§ **Instructions to follow**
Filter the records below, keeping only lines with the string "sometimes".

§ **Provided data**
********

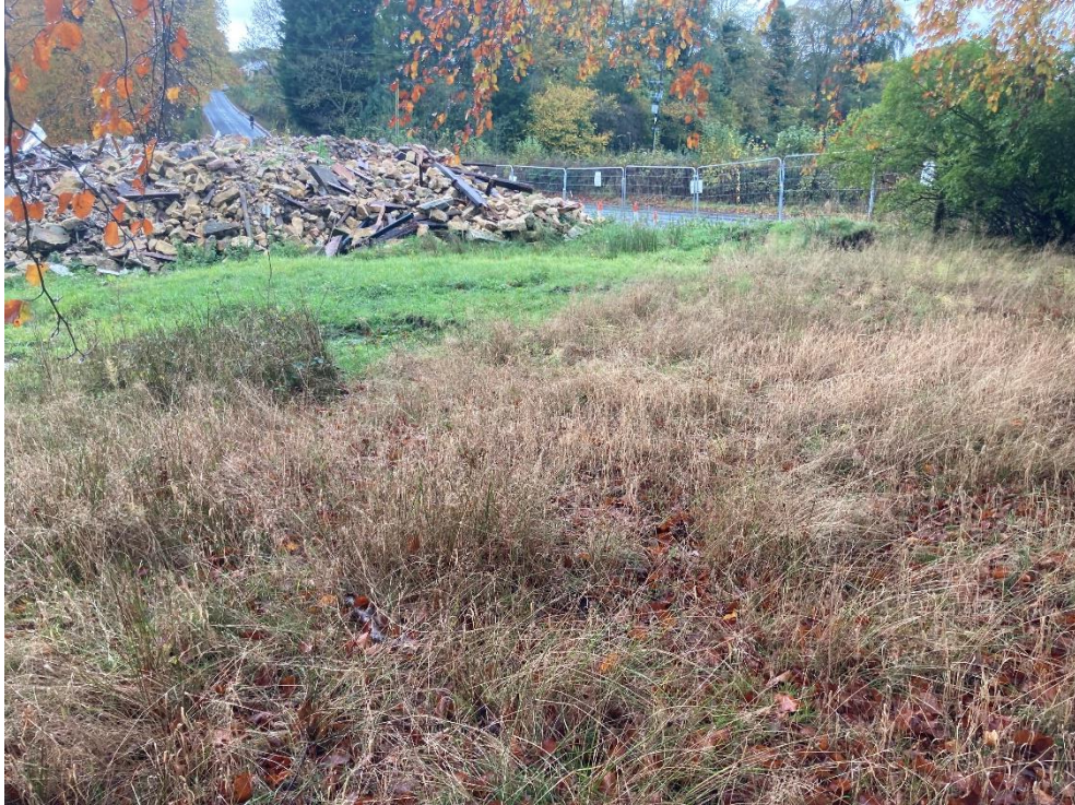
Photograph 6- Short perennial habitats at Target Note 1 (southwest corner of site)
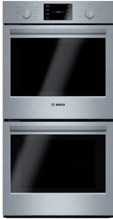
HBN5651UC Stainless Steel

The Bosch wall oven features Genuine European Convection and heavy metal stainless steel knobs.
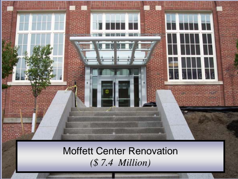
Moffett Center Renovation ($ 7.4 Million)
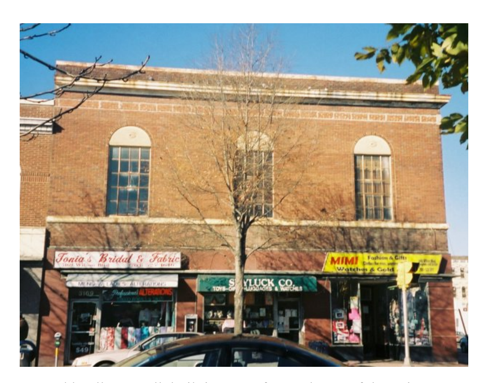
Figure 2. Odd Fellows Hall, built in 1925, former home of the Saigon Souvenir shop.
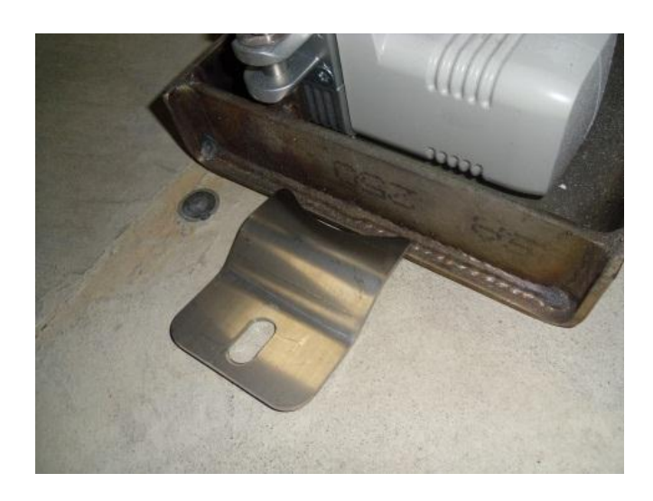
Place the tab on the metal plate
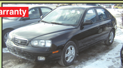
2003 ELANTRA Auto, Mint, Loaded, Leather, Heated Seats, Power Roof. Amazing Price! $10,700
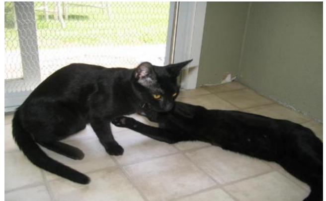
Mikie and Louie are living like princes in their wonderful new home...and they're together forever.
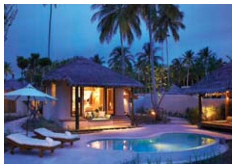
Beach Pool Villa
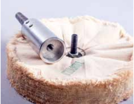
I favour the version that mounts in my lathe. The adaptor fits into the taper and provides the proper threading to receive the various buffs

The more common system among hobbyists is buffing wheels that use the lathe for their drive system. Depending on their shape, size and purpose, there are several different mounting methods. They rely on their fastening to the headstock for drive and sometimes use the tailstock for containment or shaft support. With either system, the selection of the buffing wheel material and design, buffing compounds to be used, actual rpm/buffing wheel diameter, and presentation gives the user a huge amount of control over the process.
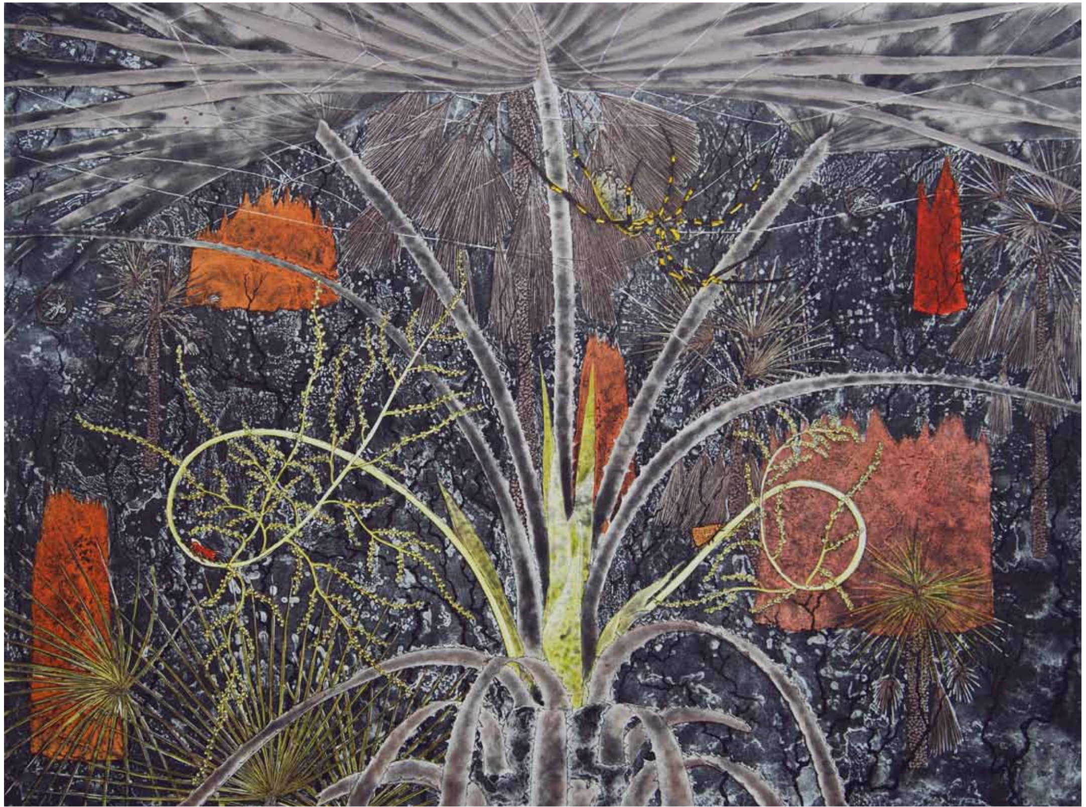
Fan Palm - Dhalpi 50 x 66 cm
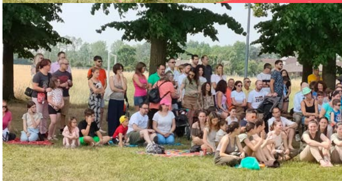
On Saturday 4 and Sunday 5 June we had an annual closing ceremony of about 400 dancing students. These were really marvellous days of dancing for students, their teachers and their parents. The programme was conducted outside in the meadows and the spectacular avenue of limes trees (tigli).
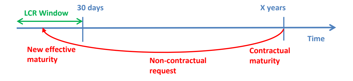
Chart 1: Effect of a counterparty non-contractual request on maturity
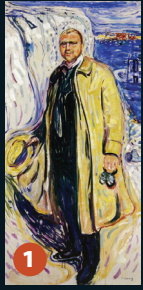
1 CHRISTIAN GIERLØFF 1909
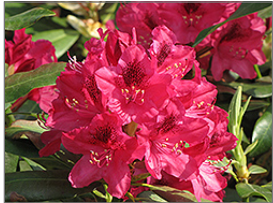
Nova Zembla Rhododendron flowers
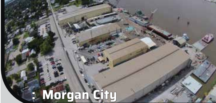
: Morgan City
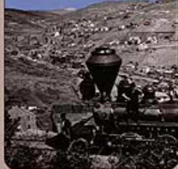
Remnants of the Colorado Central Railroad and part of the railway used to transport coal from the mines to the city of Denver. The railway was built in 1876 and was used to transport coal from the mines to the city of Denver. The railway was built in 1876 and was used to transport coal from the mines to the city of Denver.
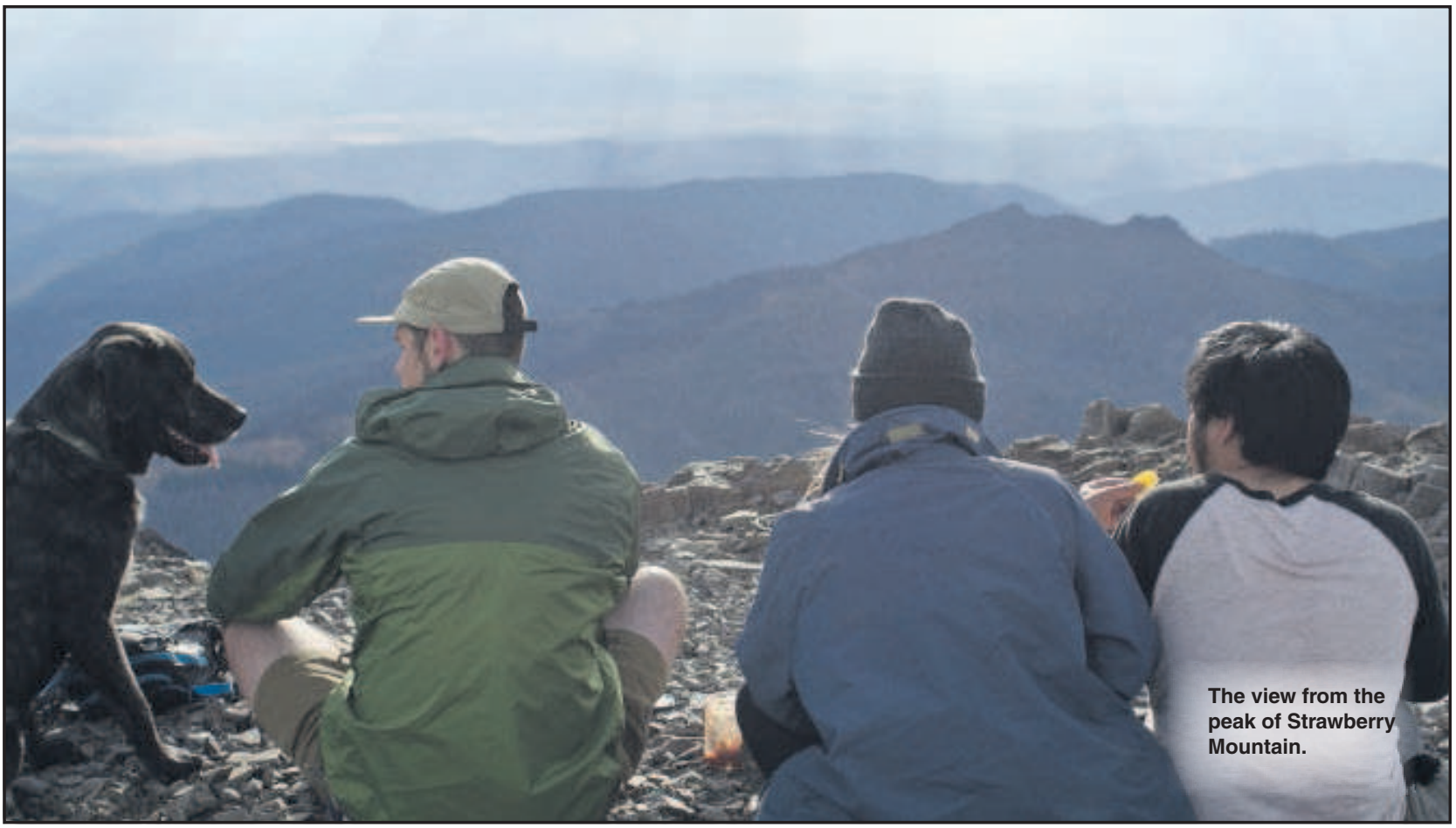
The view from the peak of Strawberry Mountain.

A multi-day loop will take you to all of these attractions as well as through thick forests, exposed ridges and recovering burn areas. With ample opportunities for great landscape and wildlife photography, the Strawberry Wilderness is a great place to lose the crowds and find yourself.
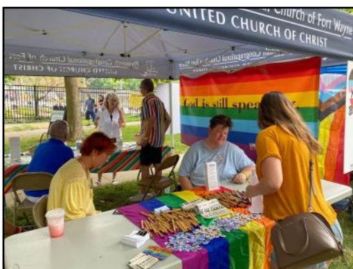
Plymouth Church's booth at Fort Wayne Pride in 2022.
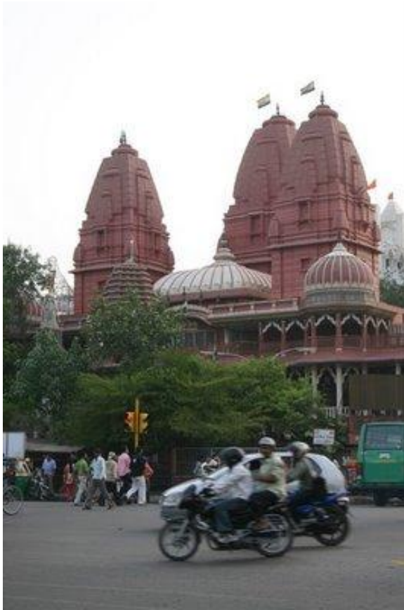
Above, left: Mandir is a Hindu temple. Cameras and bags are not allowed inside the building.
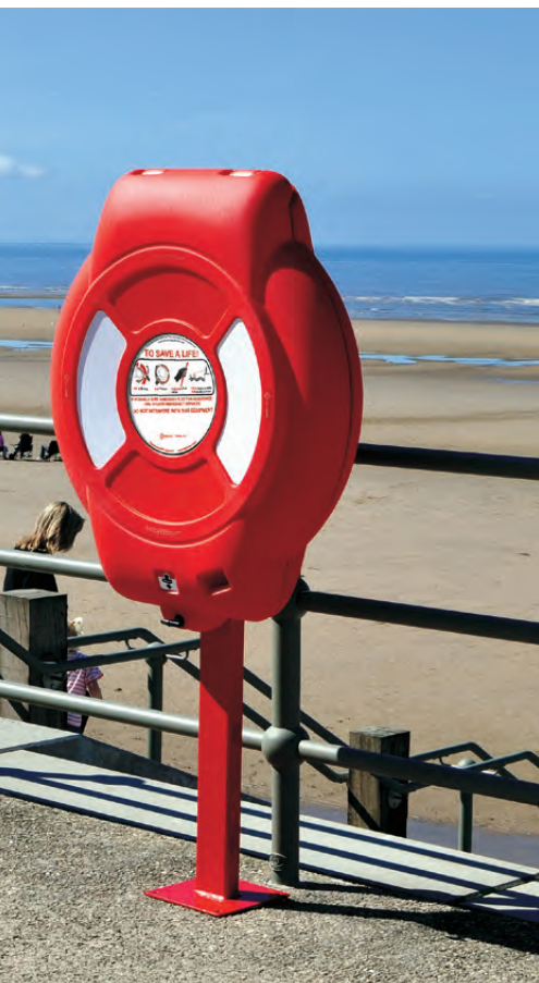
Guardian™ 30" Pole Mounted
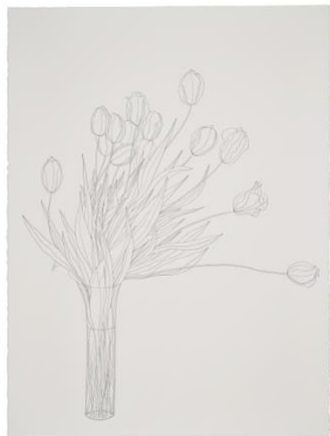
Jess T. Dugan Tulips, January 15, 2025, 2025 Pencil on paper 30 x 22 inches (76.2 x 55.9 cm) © Jess T. Dugan Photography by Robert Bullivant
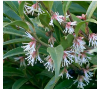
17. Sarcococca hookeriana Digyna x 17 Evergreen scented small shrub
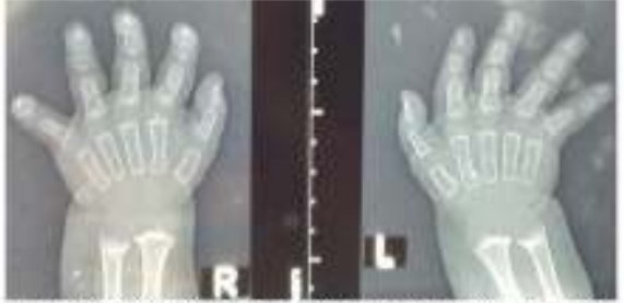
Figure 5: X-rays of both wrist joints showing metaphyseal changes in distalradius and delayed assification of carpal bones

Spondylo-metaphyseal dysplasia was diagnosed based on the disproportionate short stature, small thoracic cavity, pectus carinatum and radiological features of generalized platyspondyly and metaphyseal changes. Molecular genetic testing was not performed due to financial constraints. Parents were counselled and regular paediatric clinic followup was arranged for height monitoring.
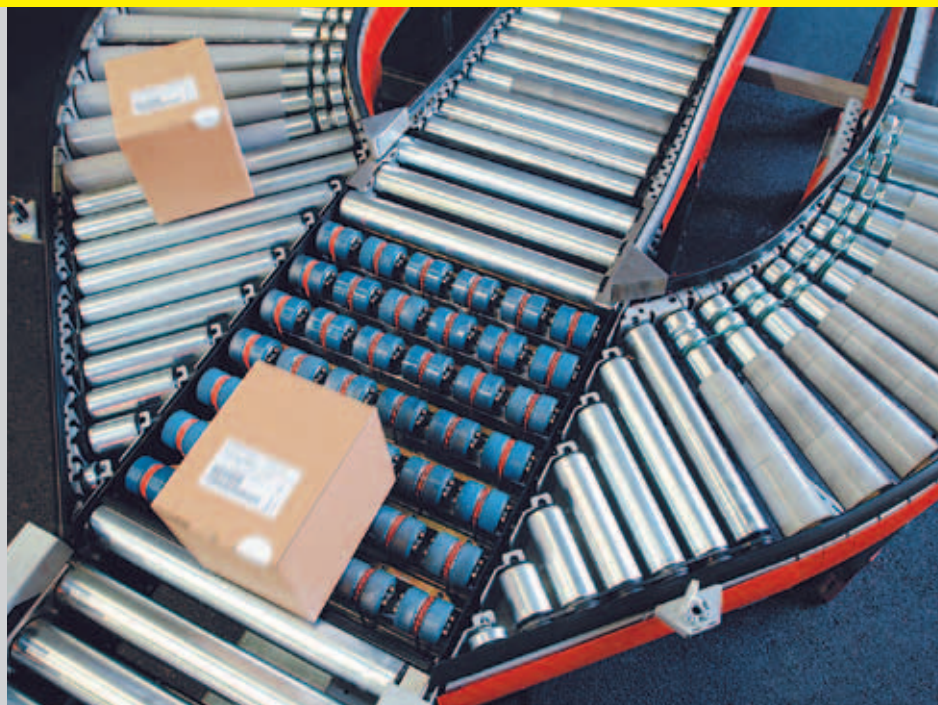
▼ High performance package - Merge
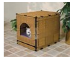
Bay Isle Hideaway

Blank Cards Cat Kitty Hoots Spiral Note Pad Magnetic Note Pad Cat Mini Cards Danica Mugs
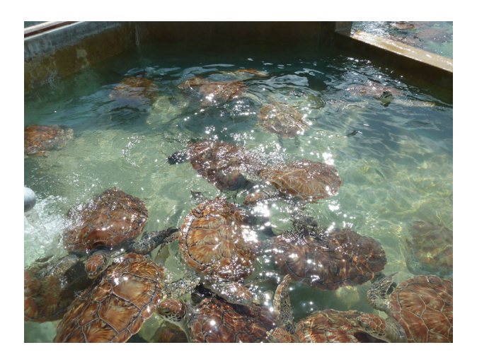
Fig. 6 Green turtles ( Chelonia mydas ) in densely populated ponds common showed signs of captivity stress including hyperactivity, boundary exploration and co-occupant aggression.

Prevalence guide: 'Rare' = 1–5 %; 'Occasional' = >5–20 %; 'Frequent' = >20–35 %; 'Common' = >35–50 %; 'Extremely common' = >50 %
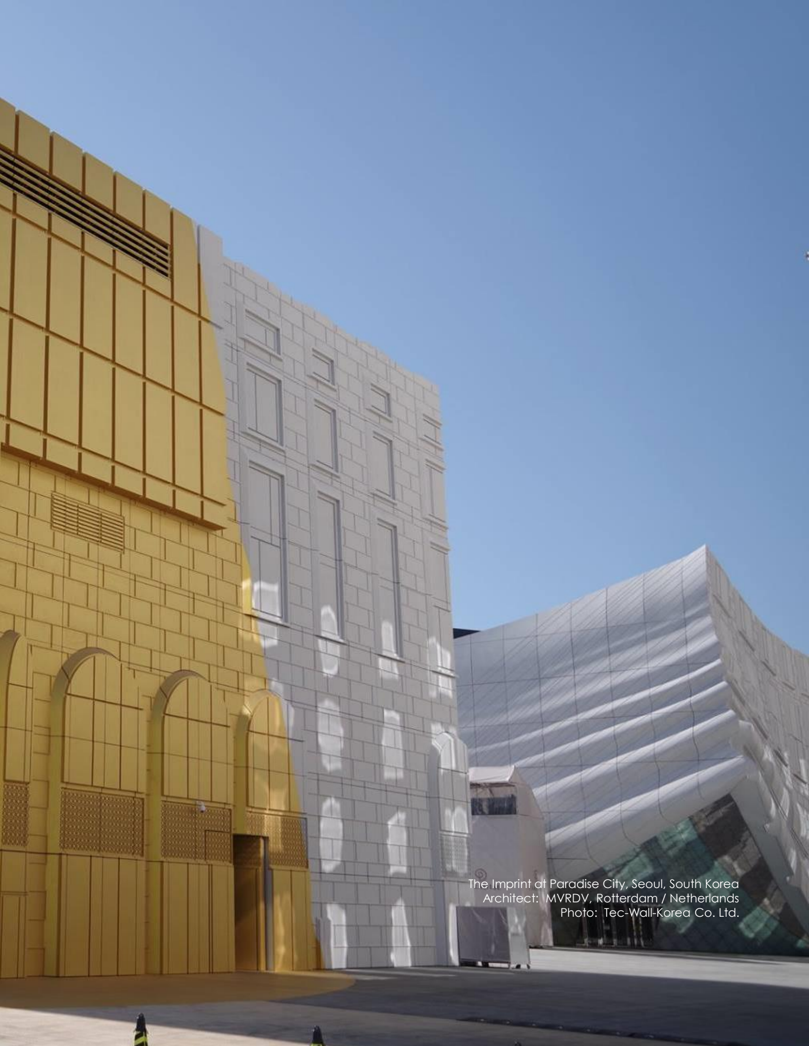
The Imprint at Paradise City, Seoul, South Korea Architect: MVRDV, Rotterdam / Netherlands
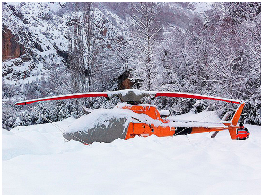
AS350 Bubble Cover, Insulated Main & Tail Rotor Covers, Blade Covers with tid-down detail

WINTER USE MATERIAL - Made with Solution-Dyed Polyester fabric, this option is intended for seasonal use to aid in deicing, rain mitigation, or for occasional travel. The material is lighter and more compact, but more susceptible to UV damage and may have a shorter useful life if used continuously outside than the all-year use material.
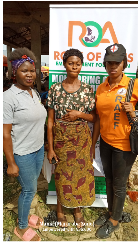
Mama (Mararaba Zone) Empowered with N35,000
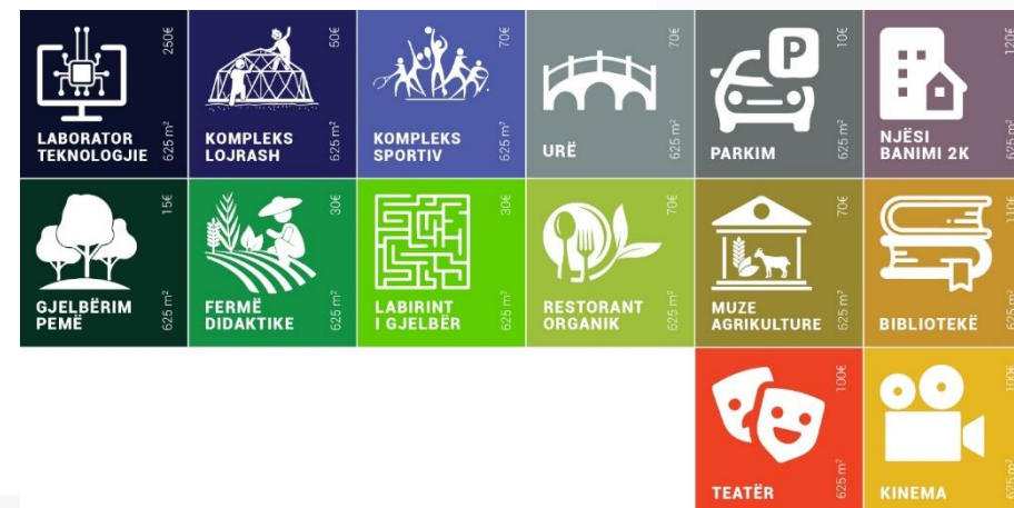
Figure 2. Infographic of the assets used in the game with the respective surface area

In order to ensure the dynamic development of the "Right to the City" a considerable commitment of the community is required. Six groups of stakeholders participate in the game: civil society for children, citizens, municipality, creative industry, land owners and investors.
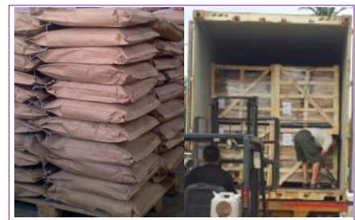
C) paper bags palletized or in loose
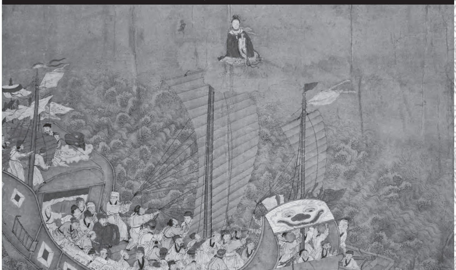
Painting of the sea goddess Mazu and the Song Embassy on a boat in high seas. Mazu is dressed in red, holds a hu tablet, and hovers on a cloud above one of the ship's masts. A high official on the boat is also dressed in red and is shown kneeling in prayer. Ink on paper, c. 1700–1800.

he multiplicities of Chinese religion can be hard to grasp for North American students. For some, "Chinese religion" might bring to mind bustling temples with people offering incense to a dimly lit statue. When I teach Chinese religions, on the first day of class, I often ask students what they know about Chinese religions. There are always a few students who offer that there are three religions (Confucianism, Daoism, and Buddhism) in China, and sometimes a few will also offer that the People's Republic of China officially recognizes five religions (Buddhism, Daoism, Islam, Catholicism, and Protestant Christianity).
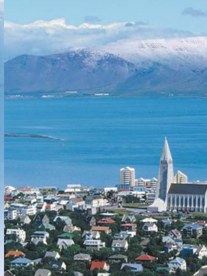
The largest city in Iceland, charming Reykjavík has been a settlement for centuries until becoming the capital of a new nation in 1918 and of an independent Iceland nearly 50 years later.
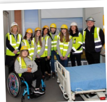
The Youth Advisory Council on a tour of the new hospital

There is a lot of work to be completed over the coming months, and throughout the process Children's Health Ireland wants to make
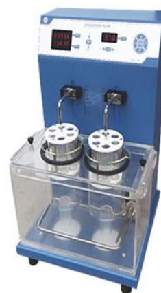
Figure 4: Disintegration test apparatus.

Disintegration is a method to evaluate the rate of disintegration of solid dosage forms. Disintegration is defined as the breakdown of solid dosage form into small particles after it is ingested. The shell pieces after disintegration may agglomerate forming large mass of gelatin taking more time to dissolve and may adhere to the mesh thus blocking the holes. Disintegration tester is a solid state instrument for the accurate estimation of disintegration time.

********

§ **Final answer**
The more common system among hobbyists is buffing wheels that use the lathe for their drive system. Depending on their shape, size and purpose, there are several different mounting methods. They rely on their fastening to the headstock for drive and sometimes use the tailstock for containment or shaft support. With either system, the selection of the buffing wheel material and design, buffing compounds to be used, actual rpm/buffing wheel diameter, and presentation gives the user a huge amount of control over the process.
he multiplicities of Chinese religion can be hard to grasp for North American students. For some, "Chinese religion" might bring to mind bustling temples with people offering incense to a dimly lit statue. When I teach Chinese religions, on the first day of class, I often ask students what they know about Chinese religions. There are always a few students who offer that there are three religions (Confucianism, Daoism, and Buddhism) in China, and sometimes a few will also offer that the People's Republic of China officially recognizes five religions (Buddhism, Daoism, Islam, Catholicism, and Protestant Christianity).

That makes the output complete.